Six Characters in Search of an Author
Reviews
In Mark Thomson's funny and sure-footed staging . . . the six intruders are not only cast-offs of an unknown author's imagination, but also theatrical ghosts, haunting the netherworld between reality and illusion.
[Pirandello] engages us in an Ibsenesque plot about a dysfunctional family suffering poverty, sexual exploitation and suicide at the same time as showing it for the artifice that it is. The pull of the narrative keeps us on board, so we hardly notice we have been caught up in an esoteric debate about the nature of art, character and reality.
Newcomer Amy Manson gives the performance of the evening, playing the Step-daughter with tremendous sensitivity to the switches from irony to anger to humiliation, while Ron Donachie plays her father with an authority that makes his role as a sexual predator even more creepy. Their lingering presence at the end of the show, like spectres after the ball, leaves us with a chill sensation of the haunting power of the imagination.
The Guardian * * * *
This adaptation of Pirandello by David Harrower is an absorbing and thought-provoking look at the limitations of art in addressing truth and reality.

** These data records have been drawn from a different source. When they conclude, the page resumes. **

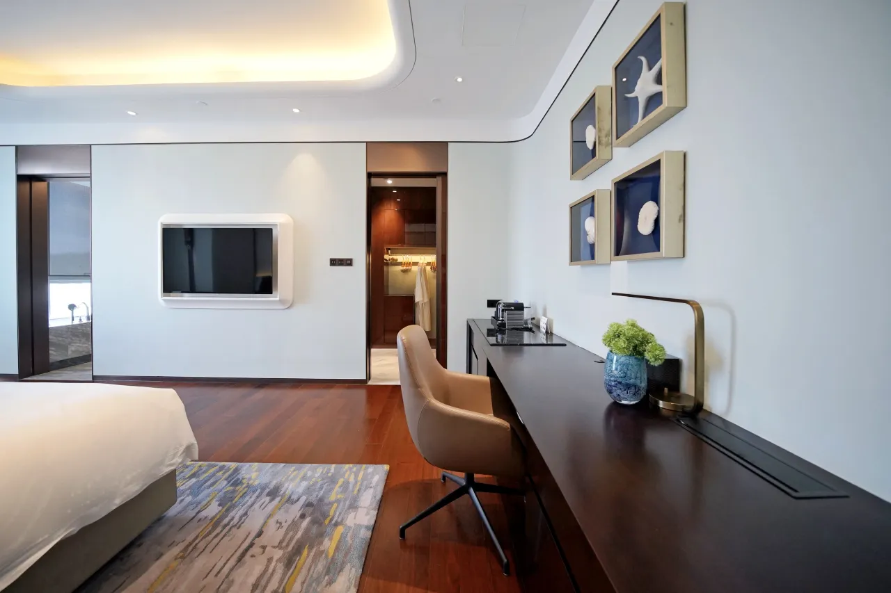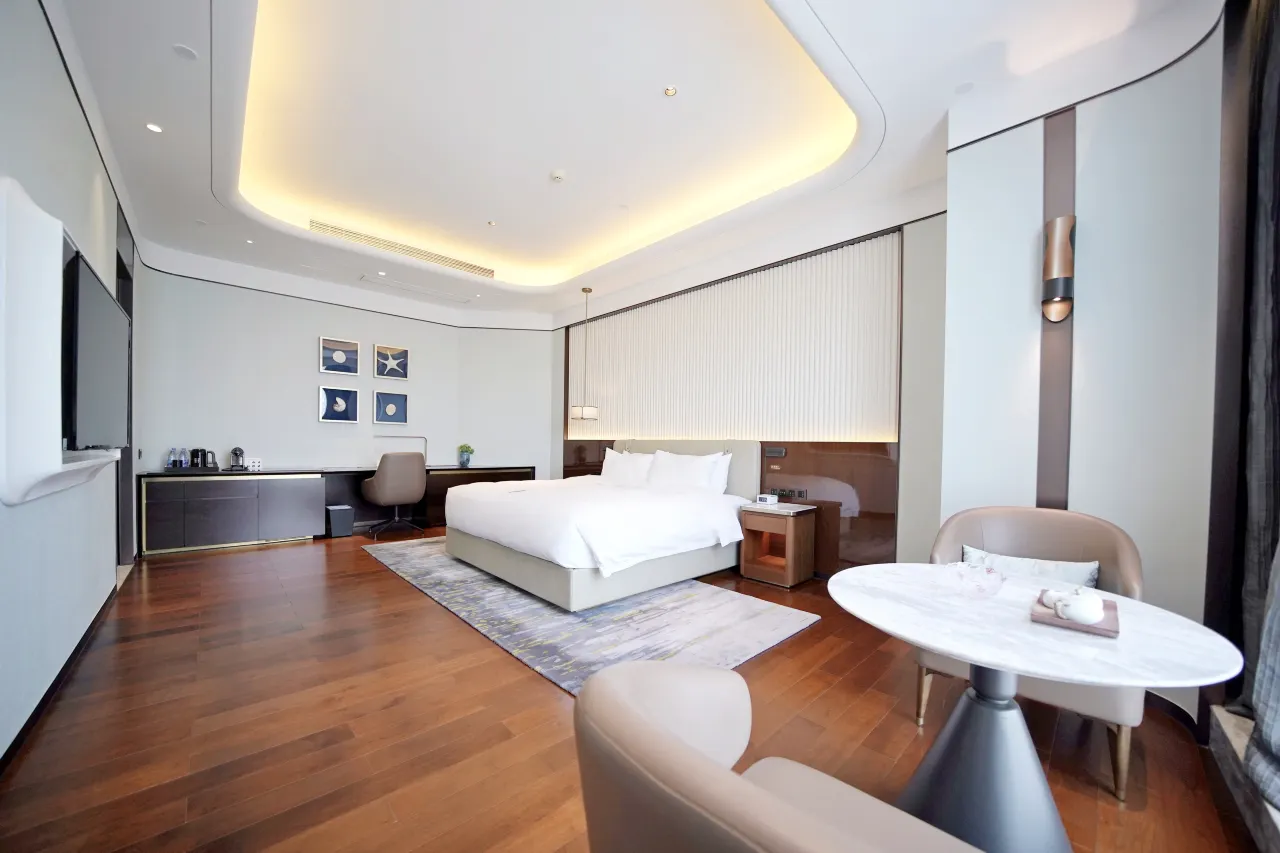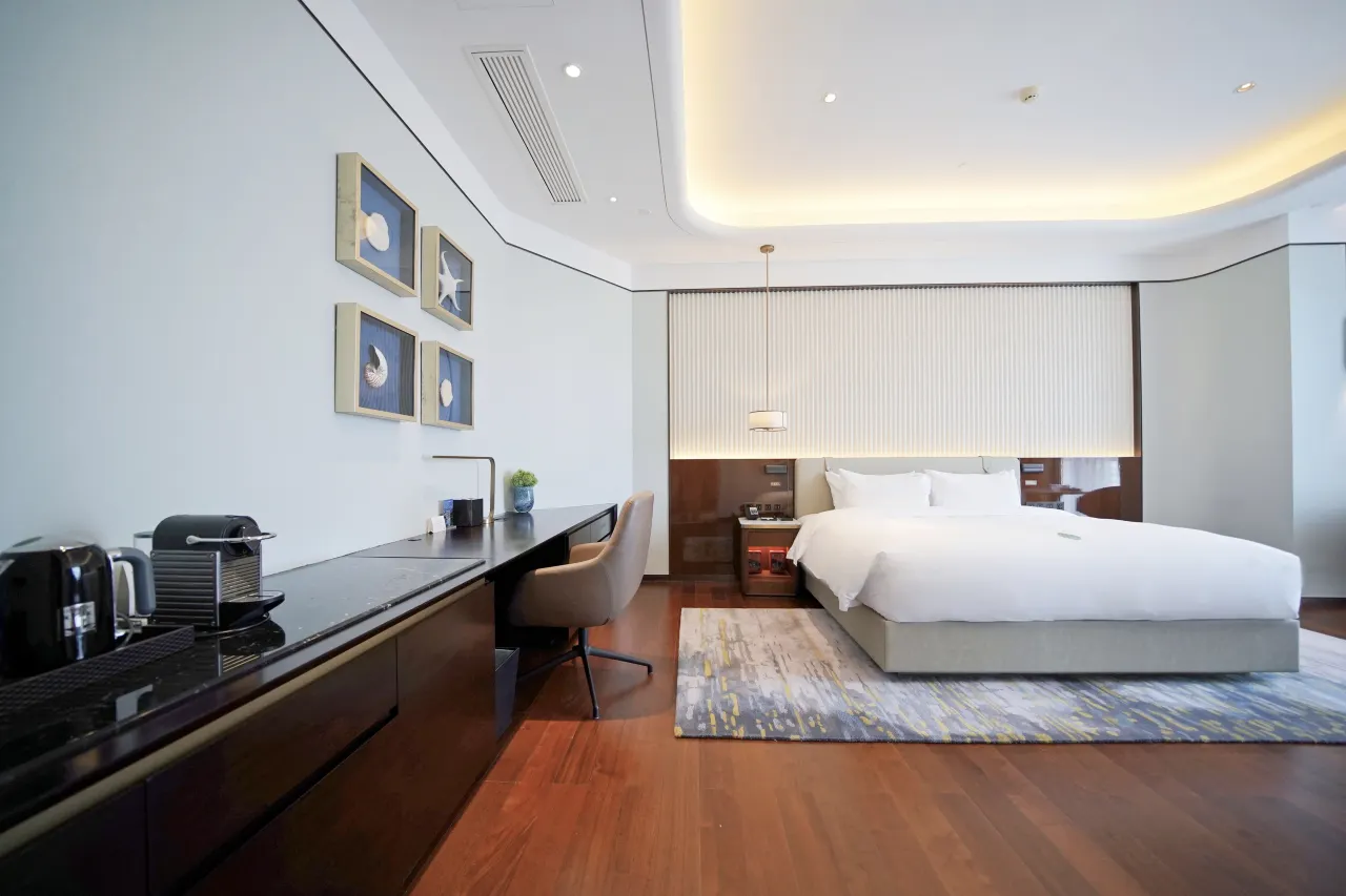 Dieses weitläufige Büro befindet sich im 5. und 17. Stock. 45 m² großes Heiligtum Das Zimmer besticht durch eine elegante, moderne Ästhetik. Es verfügt über einen riesigen 2 m breites Kingsize-Bett (Extra-lang) mit hochwertigen Bettdecken und zusätzlicher Bettwäsche für einen erholsamen Schlaf. Große Fenster bieten einen doppelten visuellen Genuss: das lebendige, schimmernde Licht Skyline von Zhuhai auf der einen Seite und die ruhige, üppige Berggrün auf der anderen Seite.
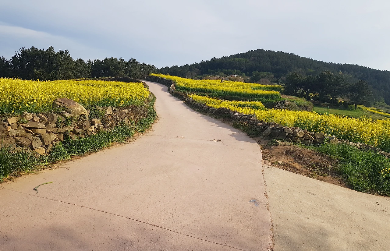 서편제를 촬영했던 똑같은 그 길에는 그때는 수확이 끝난 빈밭이었고 지금은 유채꽃이 흐드러진 유체밭이라는 다름이 있었지만 같은 길임을 영화의 한 장면으로 확인되었다
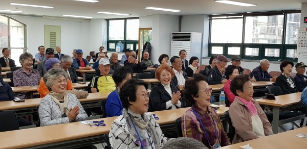보훈복지문화대학 충남캠퍼스 10월 15일(화) 1교시 : 신나는 마술세계 - 일 시 : 2019. 10. 15(화) 10:00-11:00 - 강 사 : 윤 은 주, 양 호 근 - 내 용 : 흥겨운 음악에 맞춰 간단한 레크레이션을 하고 손안에서 작은 보자기가 없어지는 마술을 배움 2교시 : 졸업사진 촬영 - 일 시 : 2019. 10. 15 (화) 11:00-12:00 - 촬영업체 : 브라우니 스튜디오 - 내 용 : 2019년 졸업을 준비하며 개인 학사모사진과 장수사진, 단체사진을 촬영함. |
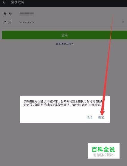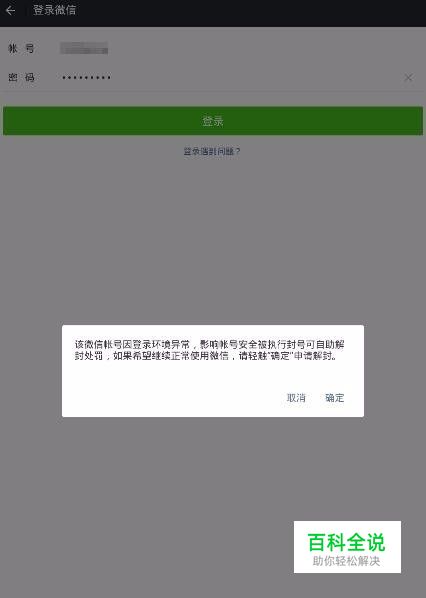 打开微信,输入账号密码点击登录,看到提示账号被封(如图)
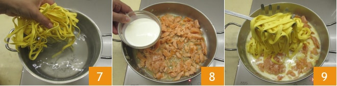 Neste ponto, a água estará fervendo, então adicione sal e cozinhe o fettuccine pelo tempo indicado na embalagem 7. Enquanto isso, coloque o creme de leite na panela com o salmão, ainda com o fogo desligado 8. Quando o fettuccine estiver cozido, escorra e transfira diretamente para a panela 9.

Ostensibly a tragedy, it is also very funny.
Premiered in 1921, its touchstones include Waiting For Godot and If On A Winter's Night A Traveller, which also looked at identity, perspective and notions of reality.
Metro (Scotland) * * * *
. . . it's not so much an author [the Characters] are seeking but closure from the kitchen sink drama they're trapped in.
When Six Characters was first produced, Pirandello was kicking out at the glass ceiling of his art as well as pursuing a line of philosohical enquiry. Today, this looks like an envelope-pushing precursor of everything from devised and verbatim theatre to the attention-seeking flotsam and jetsam who make confessional reality TV such a freak-show.